In Liturgical Time Bombs I have alleged no more than was alleged by Cardinal Ratzinger when he wrote: "I am convinced that the crisis in the Church that we are experiencing is to a large extent due to the disintegration of the liturgy . . . " (See p. 37.) In his address to the bishops of Chile on July 13, 1988, the Cardinal explained:
The second Vatican Council has not been treated as a part of the entire living Tradition of the Church, but as an end of Tradition, a new start from zero. The truth is that this particular Council defined no dogma at all, and deliberately chose to remain on a modest level, as a merely pastoral council; and yet many treat it as though it had made itself into a sort of superdogma which takes away the importance of all the rest. This idea is made stronger by things that are now happening. That which previously was considered most holy-----the form in which the liturgy was handed down-----suddenly appears as the most forbidden of all things, the one thing that can safely be prohibited.

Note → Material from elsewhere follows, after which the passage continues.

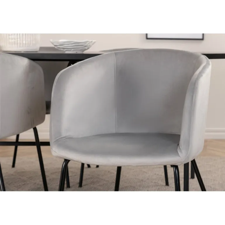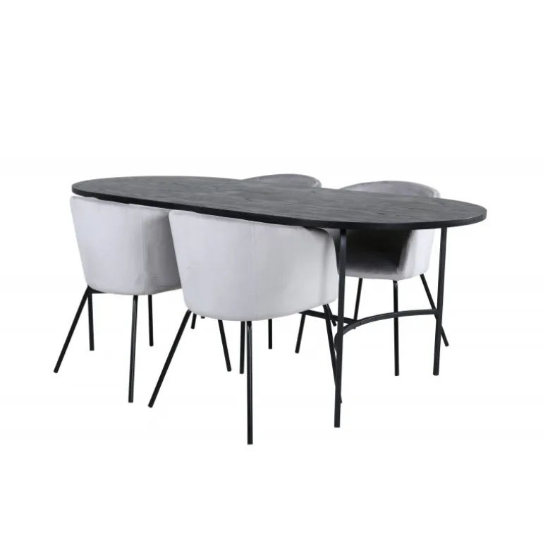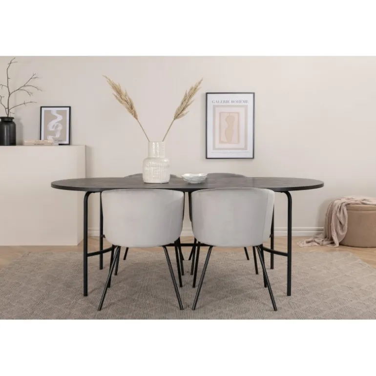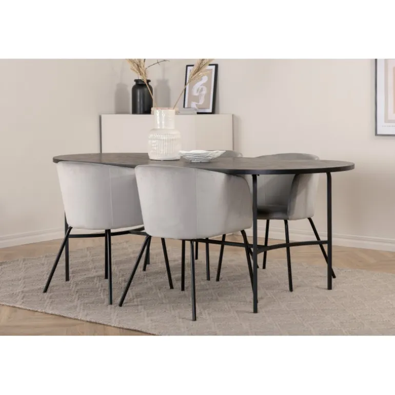 Pompøst og elegant – et madgruppe, der fokuserer på komfort og minimalisme! Vores populære spisebordsstole Berit er en favorit i mange husholdninger. De har et indbydende design og en behagelig grå farve, der er utrolig tiltalende. Sædet er i fløjlsstof, og stolens ben er stilfuldt smalle i sort jern. Stolens dimensioner: Højde: 78 cm, siddehøjde: 49 cm, bredde: 55 cm, dybde: 55 cm. Her matches 4 spisebordsstole med vores ovale spisebord skate. Bordets samlede design er meget gennemtænkt med en tynd topplade i sort MDF med finer og sorte bordben i metal. Bordets dimensioner: Længde: 200 cm, Bredde: 90 cm, Højde: 75 cm.

Every Catholic devoted to the Traditional Latin Mass must pray each day for our Holy Father, and pray that he will remove every restriction from the celebration of the rite of Mass which Cardinal Newman stated (in Loss and Gain) that he could attend forever and not be tired, and which Father Faber described as "the most beautiful thing this side of Heaven."
1. K. Jones, Index of Leading Catholic
Indicators. Mailing address of Kenneth Jones: 11939 Manchester Rd., #217,
St. Louis, MO 63131. www.catholicindicators.com
2. L. Bouyer, The Decomposition of Catholicism (Chicago:
Franciscan Herald Press. 1970), p. 1.
3. Projections for the numbers of priests, priestless parishes, brothers and nuns in 2020 are provided by Dr. James R.
Lothian, Distinguished Professor of Finance at Fordham University, and are based
on historic figures plus current average ages and trends.